Brief
Give again, exactly as written, each line of the material below starting at the line that contains "Carav 11-354 - это" and ending at the line that contains "розв яжіть систему". Both ends count, and no other line does.

Record extracts
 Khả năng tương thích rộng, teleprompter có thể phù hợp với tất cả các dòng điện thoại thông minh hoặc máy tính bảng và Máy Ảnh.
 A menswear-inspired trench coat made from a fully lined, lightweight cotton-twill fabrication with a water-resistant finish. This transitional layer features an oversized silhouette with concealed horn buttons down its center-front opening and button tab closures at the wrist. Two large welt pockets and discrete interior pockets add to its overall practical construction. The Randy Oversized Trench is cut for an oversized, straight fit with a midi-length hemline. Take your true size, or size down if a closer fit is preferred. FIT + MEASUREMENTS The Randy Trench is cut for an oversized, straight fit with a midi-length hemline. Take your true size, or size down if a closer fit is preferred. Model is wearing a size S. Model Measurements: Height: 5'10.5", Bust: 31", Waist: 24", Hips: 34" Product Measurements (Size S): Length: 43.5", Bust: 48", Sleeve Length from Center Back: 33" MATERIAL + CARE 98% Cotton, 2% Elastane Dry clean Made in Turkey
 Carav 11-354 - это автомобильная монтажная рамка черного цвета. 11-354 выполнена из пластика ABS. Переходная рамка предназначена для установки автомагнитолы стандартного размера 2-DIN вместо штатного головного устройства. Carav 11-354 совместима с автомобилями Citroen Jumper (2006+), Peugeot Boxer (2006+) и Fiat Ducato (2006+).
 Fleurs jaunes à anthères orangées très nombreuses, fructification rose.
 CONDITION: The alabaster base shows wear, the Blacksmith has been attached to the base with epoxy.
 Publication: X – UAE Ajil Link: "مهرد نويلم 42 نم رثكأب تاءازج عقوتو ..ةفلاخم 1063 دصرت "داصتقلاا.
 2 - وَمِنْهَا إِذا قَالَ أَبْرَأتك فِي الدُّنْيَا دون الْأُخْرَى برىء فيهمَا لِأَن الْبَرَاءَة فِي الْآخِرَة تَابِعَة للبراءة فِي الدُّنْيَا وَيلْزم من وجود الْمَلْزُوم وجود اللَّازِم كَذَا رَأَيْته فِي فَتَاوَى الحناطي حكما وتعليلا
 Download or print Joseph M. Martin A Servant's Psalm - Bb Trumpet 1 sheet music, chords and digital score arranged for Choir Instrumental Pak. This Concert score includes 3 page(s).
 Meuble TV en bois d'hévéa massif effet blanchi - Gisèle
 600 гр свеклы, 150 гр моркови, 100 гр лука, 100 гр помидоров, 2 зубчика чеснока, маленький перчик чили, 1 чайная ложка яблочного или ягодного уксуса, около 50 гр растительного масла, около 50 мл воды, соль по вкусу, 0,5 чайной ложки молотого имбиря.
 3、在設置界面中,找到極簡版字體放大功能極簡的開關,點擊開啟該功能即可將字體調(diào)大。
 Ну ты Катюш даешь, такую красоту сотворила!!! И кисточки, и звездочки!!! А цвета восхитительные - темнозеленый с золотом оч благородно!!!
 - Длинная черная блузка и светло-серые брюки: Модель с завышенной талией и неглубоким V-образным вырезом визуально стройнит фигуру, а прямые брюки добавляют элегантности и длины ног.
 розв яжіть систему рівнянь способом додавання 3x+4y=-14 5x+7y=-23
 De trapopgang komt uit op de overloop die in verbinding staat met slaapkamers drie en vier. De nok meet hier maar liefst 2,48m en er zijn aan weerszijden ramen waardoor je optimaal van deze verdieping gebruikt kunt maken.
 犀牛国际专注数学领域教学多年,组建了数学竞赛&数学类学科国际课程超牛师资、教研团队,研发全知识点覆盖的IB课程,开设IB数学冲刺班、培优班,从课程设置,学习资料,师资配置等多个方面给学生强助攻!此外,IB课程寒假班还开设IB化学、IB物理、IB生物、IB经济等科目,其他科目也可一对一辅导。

Response area
 Carav 11-354 - это автомобильная монтажная рамка черного цвета. 11-354 выполнена из пластика ABS. Переходная рамка предназначена для установки автомагнитолы стандартного размера 2-DIN вместо штатного головного устройства. Carav 11-354 совместима с автомобилями Citroen Jumper (2006+), Peugeot Boxer (2006+) и Fiat Ducato (2006+).
 Fleurs jaunes à anthères orangées très nombreuses, fructification rose.
 CONDITION: The alabaster base shows wear, the Blacksmith has been attached to the base with epoxy.
 Publication: X – UAE Ajil Link: "مهرد نويلم 42 نم رثكأب تاءازج عقوتو ..ةفلاخم 1063 دصرت "داصتقلاا.
 2 - وَمِنْهَا إِذا قَالَ أَبْرَأتك فِي الدُّنْيَا دون الْأُخْرَى برىء فيهمَا لِأَن الْبَرَاءَة فِي الْآخِرَة تَابِعَة للبراءة فِي الدُّنْيَا وَيلْزم من وجود الْمَلْزُوم وجود اللَّازِم كَذَا رَأَيْته فِي فَتَاوَى الحناطي حكما وتعليلا
 Download or print Joseph M. Martin A Servant's Psalm - Bb Trumpet 1 sheet music, chords and digital score arranged for Choir Instrumental Pak. This Concert score includes 3 page(s).
 Meuble TV en bois d'hévéa massif effet blanchi - Gisèle
 600 гр свеклы, 150 гр моркови, 100 гр лука, 100 гр помидоров, 2 зубчика чеснока, маленький перчик чили, 1 чайная ложка яблочного или ягодного уксуса, около 50 гр растительного масла, около 50 мл воды, соль по вкусу, 0,5 чайной ложки молотого имбиря.
 3、在設置界面中,找到極簡版字體放大功能極簡的開關,點擊開啟該功能即可將字體調(diào)大。
 Ну ты Катюш даешь, такую красоту сотворила!!! И кисточки, и звездочки!!! А цвета восхитительные - темнозеленый с золотом оч благородно!!!
 - Длинная черная блузка и светло-серые брюки: Модель с завышенной талией и неглубоким V-образным вырезом визуально стройнит фигуру, а прямые брюки добавляют элегантности и длины ног.
 розв яжіть систему рівнянь способом додавання 3x+4y=-14 5x+7y=-23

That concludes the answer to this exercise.